North Korea Fires Ballistic Missiles as Tensions Spike Over US-South Korea War Drills

On 14th March, the Joint Chiefs of Staff (JCS) of South Korea announced that about 10 ballistic missiles were launched by North Korea into the Sea of Japan, several days after Pyongyang threatened “terrible consequences” in response to the continued South Korea-US military exercises.

 

Pyongyang has recently killed the hopes of a possible diplomatic thaw with Seoul, which is the security ally of Washington, calling its most recent peace talks a “clumsy, fake farce.”

 

According to JCS, a statement issued at 1:20 pm (0420 GMT), referring to the name of the body of water in South Korea, “the military there detected about ten ballistic missiles launched by the Sunan region of North Korea into the East Sea.”

 

The distance of the missiles, they said, was about 350 kilometres, and that the South Korean and US authorities are examining their specifications.

 

JCS added that “the South Korean military is prepared to retaliate in an overwhelming manner to any provocation.”

 

The defence ministry of Japan also attested that North Koreans fired several ballistic missiles with an altitude of approximately 80 kilometres and landed outside the sole economic zone of Japan off the east coast of the Korean Peninsula.

 

The presidential Blue House of Seoul denounced the launches as a provocation that contravened the resolutions of the United Nations Security Council and called on Pyongyang to halt such launches.

 

It has even prompted the concerned agencies to remain on a high level of preparedness since the launch took place during the joint US-South Korea military exercises.

 

The launches were hours following the comments of the South Korean Prime Minister Kim Min-seok, who made statements suggesting that the US President Donald Trump believed that a meeting between him and the leader of Pyongyang Kim Jong-un would be a good idea.

 

Over the decades, Washington has been at the forefront of destroying the nuclear programme of North Korea, yet the summits, sanctions and diplomatic pressures have had little effect.

 

With Trump set to visit Beijing later that month in late March, the Trump administration has been aiming at reviving high-level talks with Pyongyang, where a possible summit with Kim Jong-un may be held this year.

 

In October, Trump was on a visit to Asia, and he stated that he was 100 per cent willing to meet with Kim Jong-un, but the North did not reply.

 

Having mostly overlooked the overtures made by them over several months, Kim Jong-un recently remarked that the two countries could get along provided Washington conceded to the nuclear status of Pyongyang.

 

‘Terrible consequences’

 

The analysts reported that the number of missiles deployed on Saturday was odd and the timing was significant.

 

According to Hong Sung-pyo, a senior researcher at the Korea Institute of Military Affairs, “the world is now watching the war in the Middle East, and North Korea has long practised military provocations when it desires to get attention.”

 

“And that is probably the motivation of this launch, too,” he thought.

 

On Monday, Seoul and Washington began their springtime military drills, “Freedom Shield,” which will involve approximately 18,000 Korean soldiers and last through to the 19th of March.

 

Such exercises have long been described by the nuclear-armed North, which launched an attack on its neighbour in 1950 that kick-started the Korean War.

 

At the beginning of this week, Kim Yo-jong, who is a very influential confidante of her brother Kim Jong-un, stated that the joint exercises would have a “dreadful impact that is beyond imagination.”

 

She continued by saying that the drills were held at “a critical time when the global security structure is highly disintegrating at an accelerated rate, and wars erupt in various locations across the globe.”

 

The attack on Iran by the US-Israel has been labelled by Pyongyang as an act of aggression, which is illegal, and it demonstrates the rogue side of the United States.
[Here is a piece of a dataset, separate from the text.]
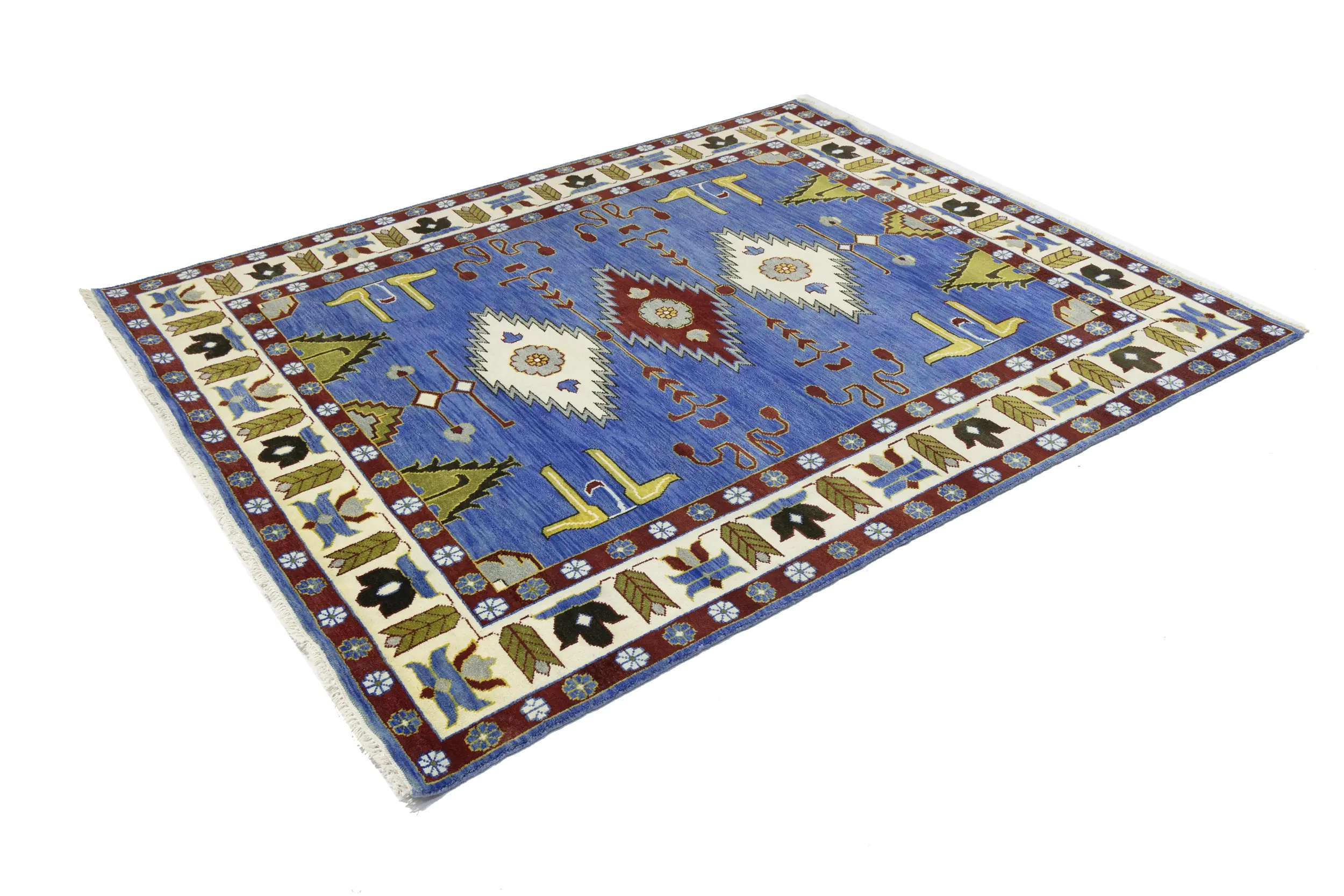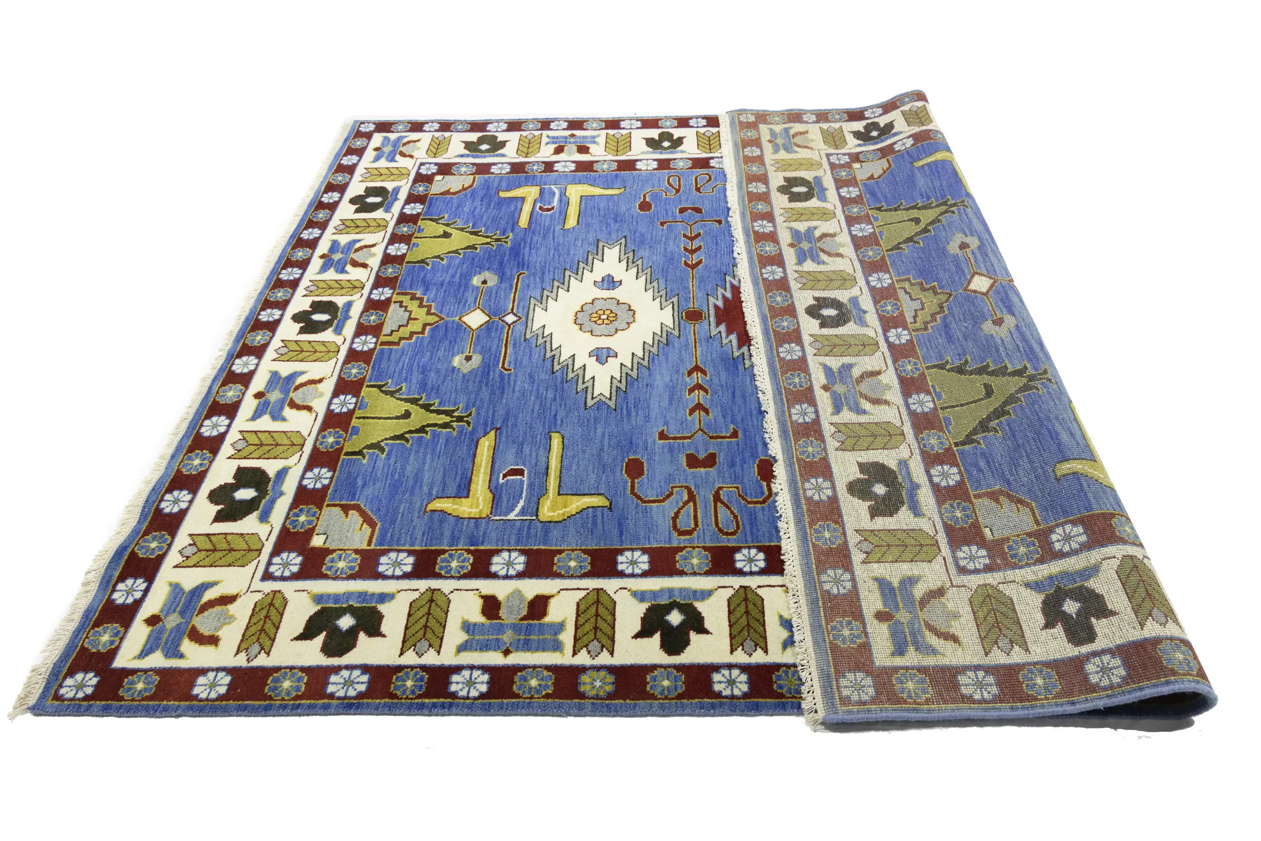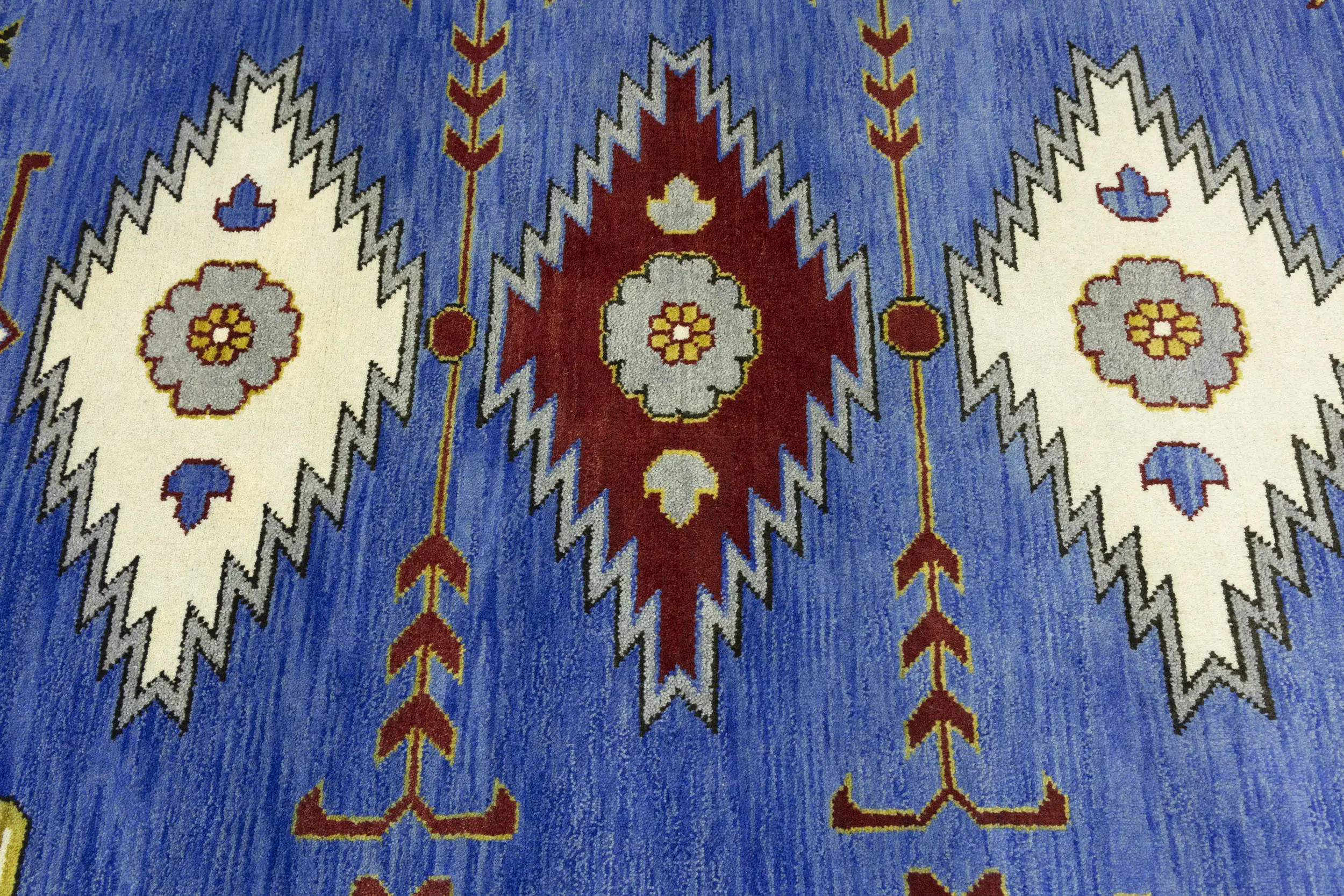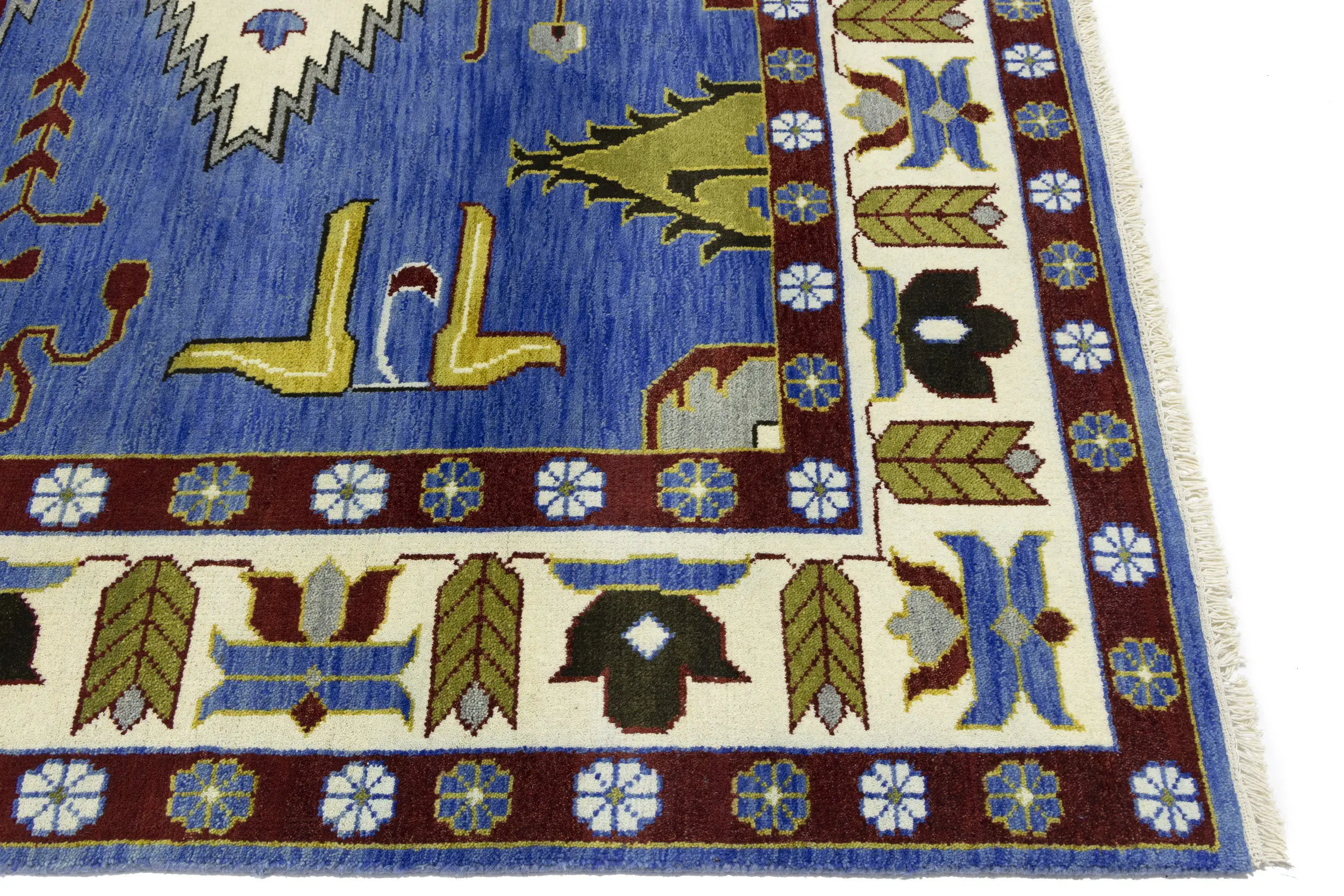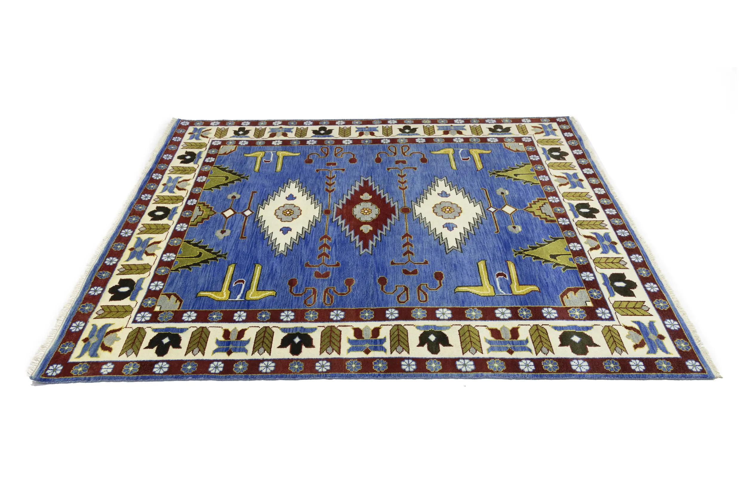 Handmade 8X10 blue oriental rug made with vegetable dyes (fine wool pile and cotton foundation), superior knot count, and appealing ancient designs. This Oriental rug never will go out of style and would be among your most valuable treasures.

North Korea too has just conducted missile tests aboard the naval Choe Hyon destroyer, saying that the country was arming the Navy with nuclear weapons.

 

North Korea has been investing more in its navy, with possibly the assistance of Russia. However, Leif-Eric Easley, a professor at Ewha University in Seoul, noticed that “the US could sink most of the Iranian navy in a week.”

 

“So Pyongyang will probably carry out tests and rhetoric of nuclear command, control and delivery systems to indicate that it might cause unacceptable damage in case its naval forces are attacked.”